PROVIDED DATA
━━━━━━

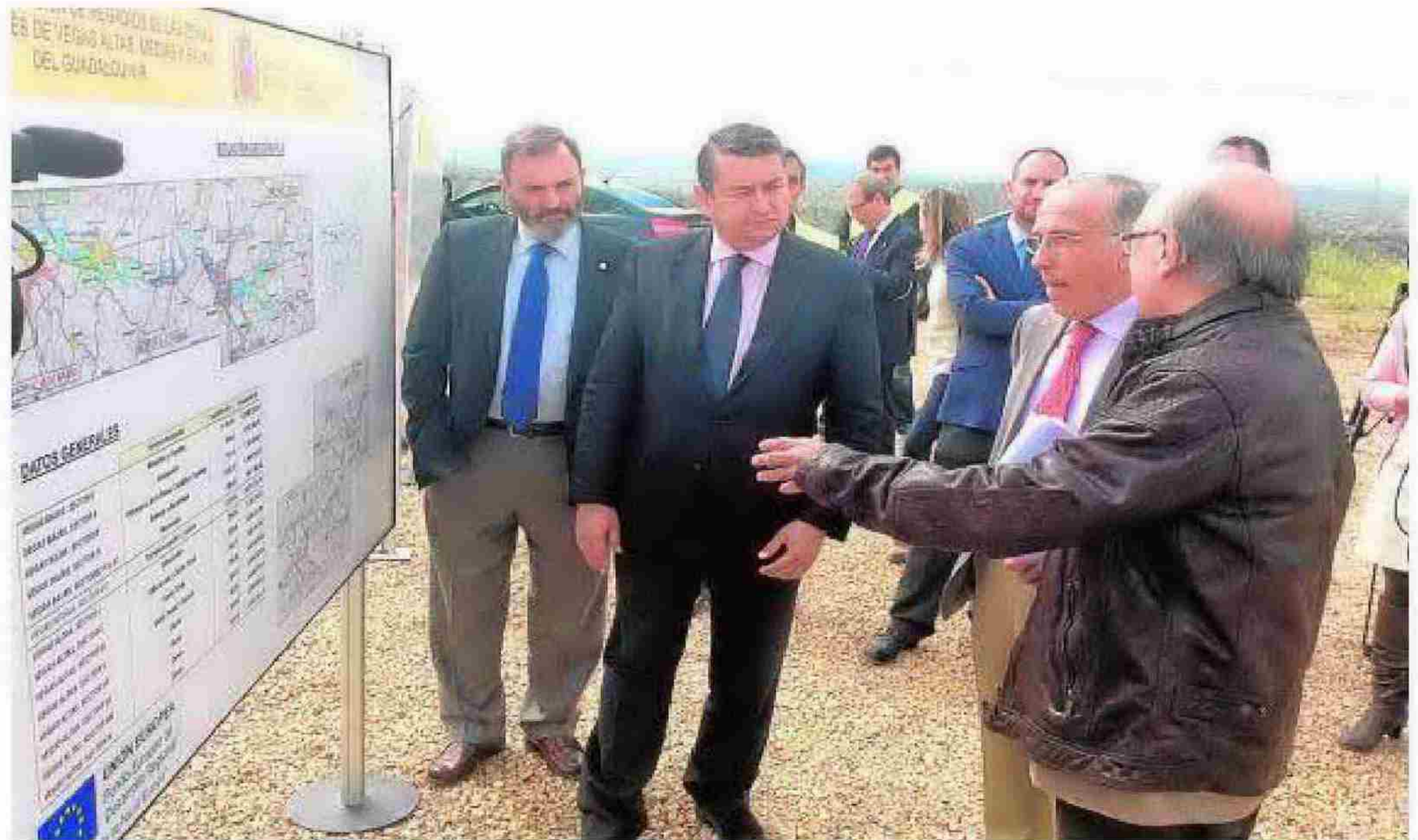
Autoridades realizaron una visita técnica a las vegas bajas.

━━━━━━

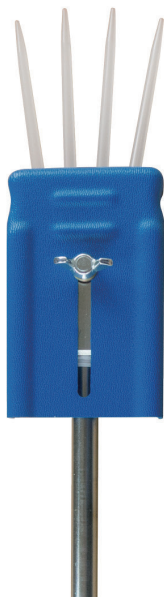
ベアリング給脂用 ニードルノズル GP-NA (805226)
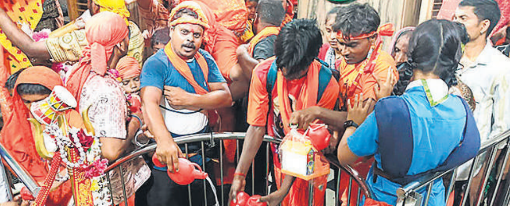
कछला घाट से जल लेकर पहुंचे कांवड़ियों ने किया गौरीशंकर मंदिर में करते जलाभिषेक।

━━━━━━

YOUR OBJECTIVE
The answer must be the part of the records that opens with the line containing "ベアリング給脂用 ニードルノズル GP-NA (805226)" and closes with the line containing "कछला घाट से", reproduced exactly, with no pictures.

FINAL ANSWER
ベアリング給脂用 ニードルノズル GP-NA (805226)
कछला घाट से जल लेकर पहुंचे कांवड़ियों ने किया गौरीशंकर मंदिर में करते जलाभिषेक।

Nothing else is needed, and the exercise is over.